Because the stamps with 50 points and 80 points each can be combined into six different postage rates: 50 + 50 = 100 (points), 80 + 80 = 160 (points), 50 + 80 = 130 (points), 50 + 50 + 80 = 180 (points), 50 + 80 + 80 = 210 (points), 50 + 50 + 80 + 80 = 260 (points), plus the two denominations of 50 points and 80 points, a total of 6 + 2 = 8 different postage rates can be paid

Mr. Zhang has two 50 cent stamps and two 80 cent stamps.
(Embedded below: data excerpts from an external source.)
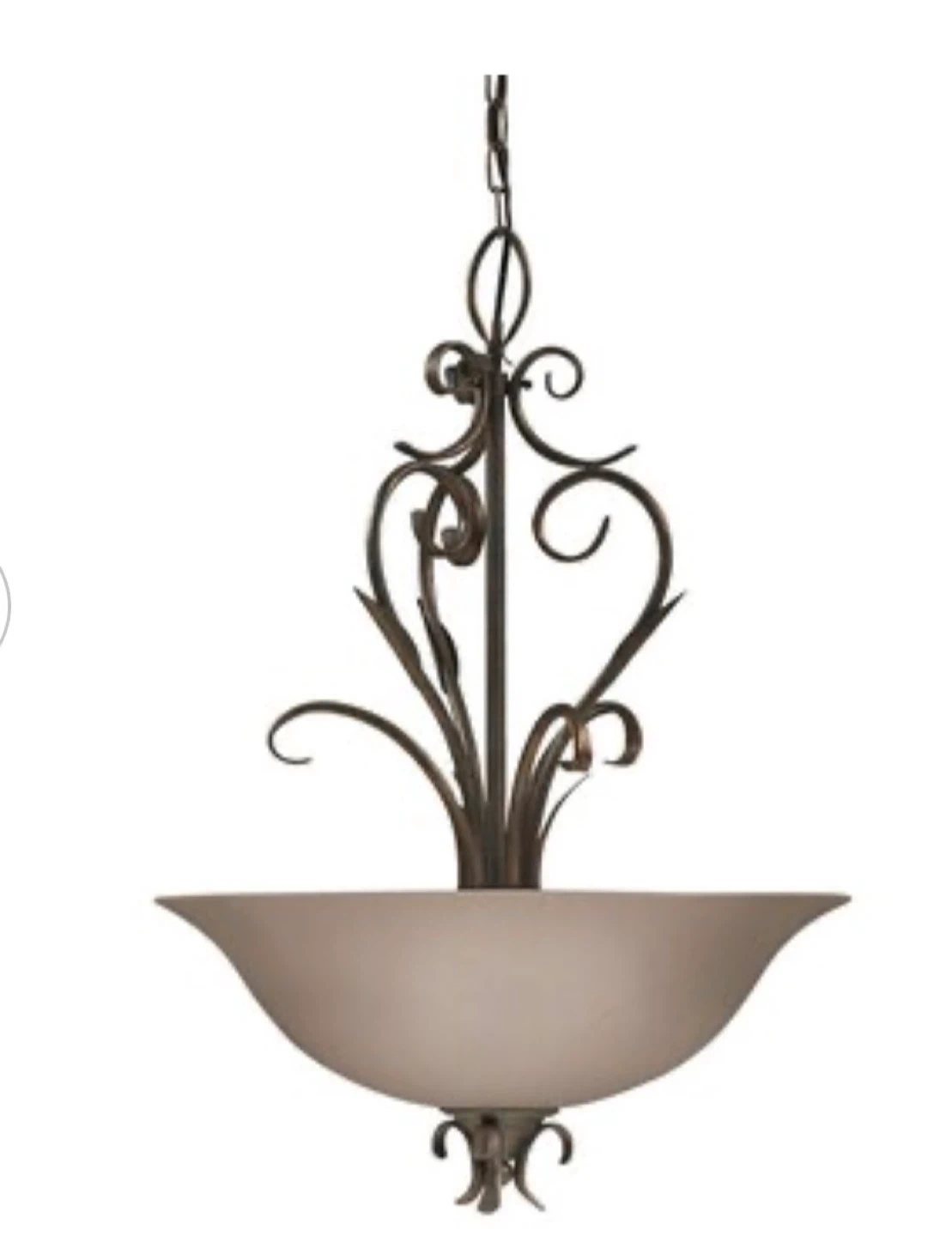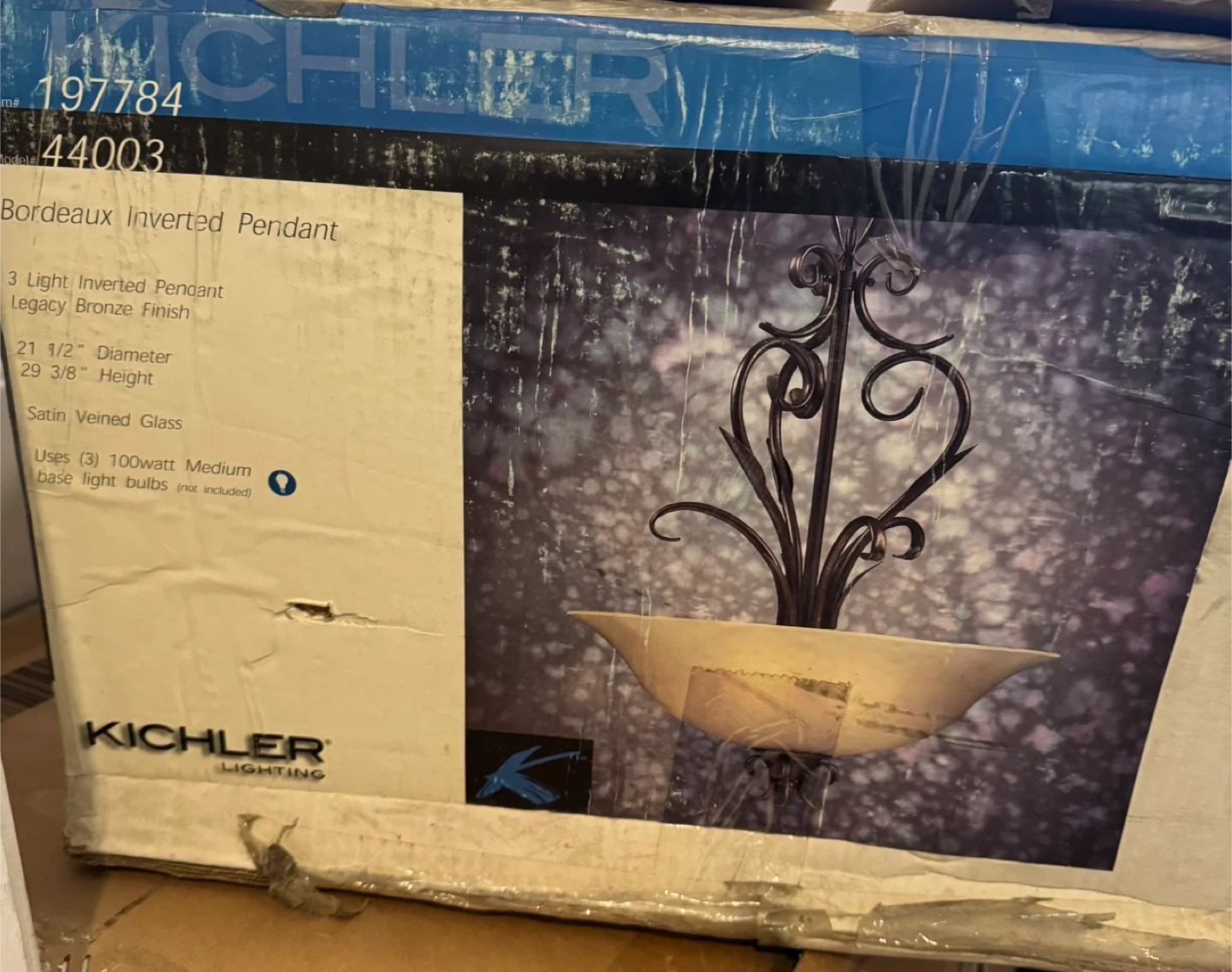 This Kichler Bordeaux Inverted Pendant light fixture features a Legacy Bronze finish. It has a 21 1/2" diameter and stands 29 3/8" tall. The shade is made of Satin Veined Glass. It uses three 100-watt medium base light bulbs, which are not included.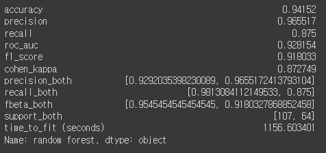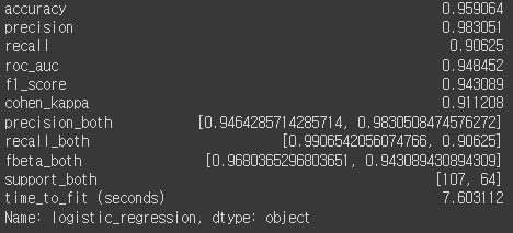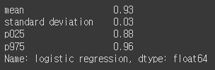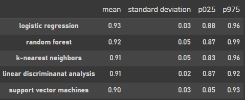 각 모델의 min, max, mean값을 확인하여 봤을때, 최고 성능을 보인건 Random Forest이지만 최저점도 그만큼 낮아 평균이 떨어지는것을 확인 할 수 있다. 편차도 적고 평균 성능도 가장 높게 나온 Logistic Regression이 오늘 사용한 데이터에는 가장 좋은 모델로 생각된다.
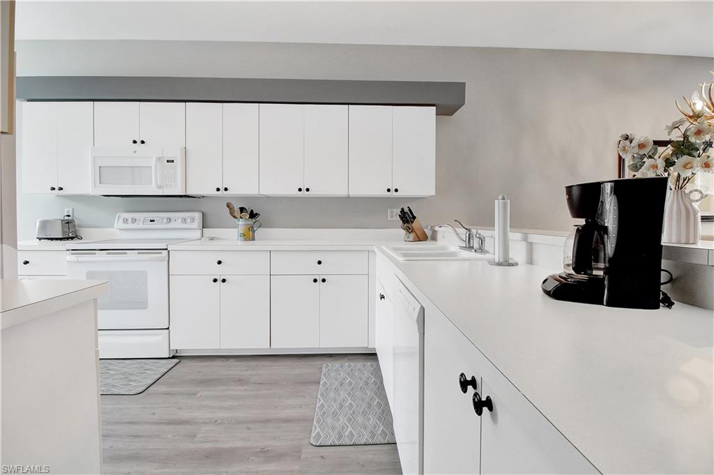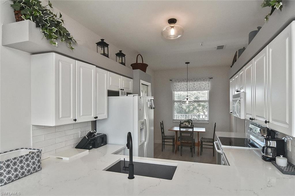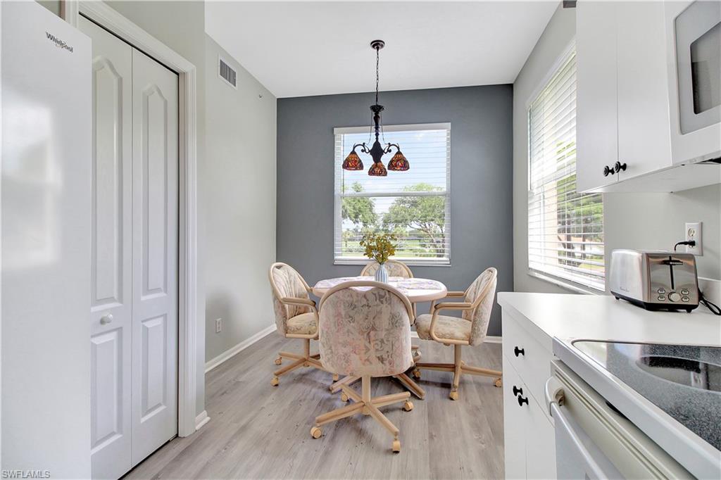If you're looking for stunning golf course and lake views combined with luxury resort-style living, then this one's for you! This beautifully appointed two-bedroom, two-bath condominium in Terrace III at Cedar Hammock offers exactly that, with a floor plan designed for comfort, style and seamless indoor-outdoor living, all complemented by a covered carport space. Step inside to be greeted by tile flooring in the entry, an arched entryway and an abundance of natural light throughout. The main living area and bedrooms feature upgraded vinyl flooring, adding warmth, durability and modern elegance to the home. The open kitchen is a chef's dream featuring white cabinetry, pantry, breakfast bar and a cozy eat-in area. The dining area flows seamlessly into the living room, where glass sliders open to the screened lanai. Enjoy unobstructed views of the golf course and lake, along with sightings of abundant wildlife, while seamlessly blending indoor and outdoor living. The screened lanai is the spot for morning coffee or evening cocktails, surrounded by the tranquil beauty of the landscape. The owner's suite offers a peaceful retreat, featuring upgraded vinyl flooring, a walk-in closet, en-suite bath, and a linen closet. The guest bedroom also features upgraded vinyl flooring and provides comfort and privacy, with a full bath conveniently nearby, including a shower-tub combo. The laundry area is equipped with a top-load washer, front-load dryer and overhead storage. This unit also includes an extra-large storage closet conveniently just across from the unit itself. Cedar Hammock is a bundled golf community featuring a 6,680-yard par 72 course designed by Jed Azinger and Gordon Lewis. Following a $12 million renovation, the newly redesigned community center now offers enhanced amenities, including indoor and outdoor dining, a resort-style pool at the clubhouse and a two-story fitness center with professional trainers. Residents can also enjoy Har-Tru tennis courts, bocce courts, and refine their game on the driving range and putting greens. For added convenience, there are multiple pools available throughout the community, including one right next to the building for easy access. With countless social activities and amenities, there's always something to enjoy. Just minutes from downtown Naples and Marco Island, you'll have easy access to renowned dining, shopping and pristine white-sand beaches. Don’t miss your chance to live the ultimate resort-style lifestyle and schedule your private showing today!
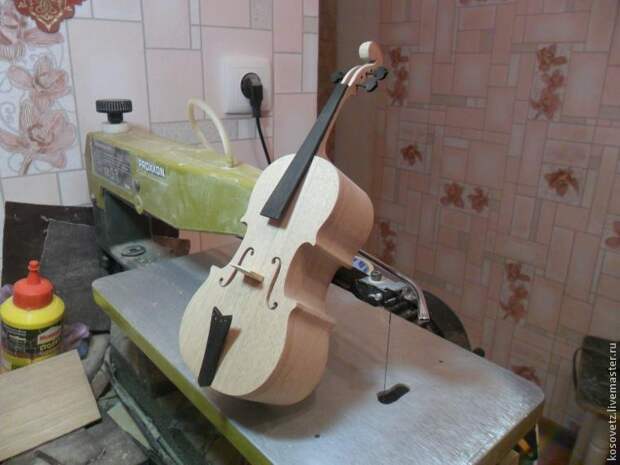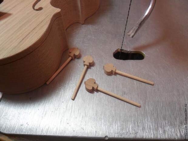 Выпиливаю эфы на крышке шкатулки (эфами называют эти красивые вырезы на скрипке), колки, (колки я делал из зубочисток), струнодержатель, подставку и гриф.
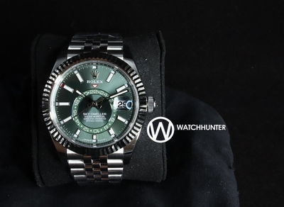 High-flying The Oyster Perpetual Sky-Dweller in Oystersteel and white gold with a mint green dial and a Jubilee bracelet. Sky-Dweller technical details Reference 336934 Model case Oyster, 42 mm, Oystersteel and white gold Oyster architecture Monobloc middle case, screw-down case back and winding crown Diameter 42 mm Material White Rolesor - combination of Oystersteel and white gold Bezel Fluted, bidirectional rotatable Rolex Ring Command Winding crown Screw-down, Twinlock double waterproofness system Crystal Scratch-resistant sapphire, Cyclops lens over the date Water resistance Waterproof to 100 metres / 330 feet Movement Perpetual, mechanical, self-winding, dual time zones, annual calendar Calibre 9002, manufacture Rolex Precision -2/+2 sec/day, after casing Functions Centre hour, minute and seconds hands. 24-hour display on off-centre disc. Second time zone. Instantaneous annual calendar at 3 o'clock and rapid-setting of the date. Month display via 12 apertures around the circumference of the dial. Stop-seconds for precise time setting Oscillator Paramagnetic blue Parachrom hairspring. High-performance Paraflex shock absorbers Winding Bidirectional self-winding via Perpetual rotor Power reserve Approximately 72 hours Bracelet Jubilee, five-piece links Material Oystersteel Clasp Folding Oysterclasp with Easylink 5 mm comfort extension link Dial Mint green Details Highly legible Chromalight display with long-lasting blue luminescence |

How much postage can he pay with these stamps?
(sending a letter is the amount of money you have to pay.),

1. 50 points and 80 points 2. 2 sheets 50 points 3. 2 sheets 80 points 4. 2 sheets 50 points and 1 sheet 80 points 5. 2 sheets 80 points and 1 sheet 50 points 6. 50 points 7. 80 points 8. 2 sheets 50 points and 2 sheets 80 points

Given that the tolerance of the arithmetic sequence an is a positive integer, and A3 * A7 = - 12 A4 + A6 = - 4, then the sum of the first ten terms SN=

∵ an is an arithmetic sequence
∴a3+a7=a4+a6=-4 ①
And A3 × A7 = - 12
The solution of simultaneous ① and ②
A3 = - 6, a7 = 2 or A3 = 2, a7 = - 6
And the tolerance D ＞ 0,
∴a3=-6 ,a7=2
So 4D = a7-a3 = 8
D = 2, A1 = a3-2d = - 6-2 × 2 = - 10
an=a1+(n-1)d=-10+2(n-1)=2n-12
a10=2×10-12=8
S10=10(a1+a10)/2
=5(-10+8)
=-10
Answer: - 10

It is known that the arithmetic sequence {an} satisfies the following conditions: A3 = 7, A5 + A7 = 26, and the sum of the first n terms of {an} is SN

Let the tolerance of arithmetic sequence {an} be D, then A3 = a1 + 2D = 7a5 + A7 = 2A1 + 10d = 26, the solution is A1 = 3D = 2, ∧ an = 3 + 2 (n-1) = 2n + 1sn = n (3 + 2n + 1) 2 = N2 + 2n

It is known that the arithmetic sequence [an] satisfies the following conditions: A3 = 7, A5 + A7 = 26;
(2) BN = 1 / (an ^ 2-1) (n belongs to n *), find the first n terms and TN of sequence [BN]

a5=a3+2d,a7=a3+4d
a5+a7=2a3+6d
26=2*7+6d
d=2
a4=a3+d=7+2=9
a1=a3-2d=7-2*2=3
Sn=na1+n(n-1)d/2=n^2+2n
an=a1+nd=3+2n
bn=1/(an^2-1)=1/[4(n+2)(n+1)]=1/4[(1/(n+1)-1/(n+2)]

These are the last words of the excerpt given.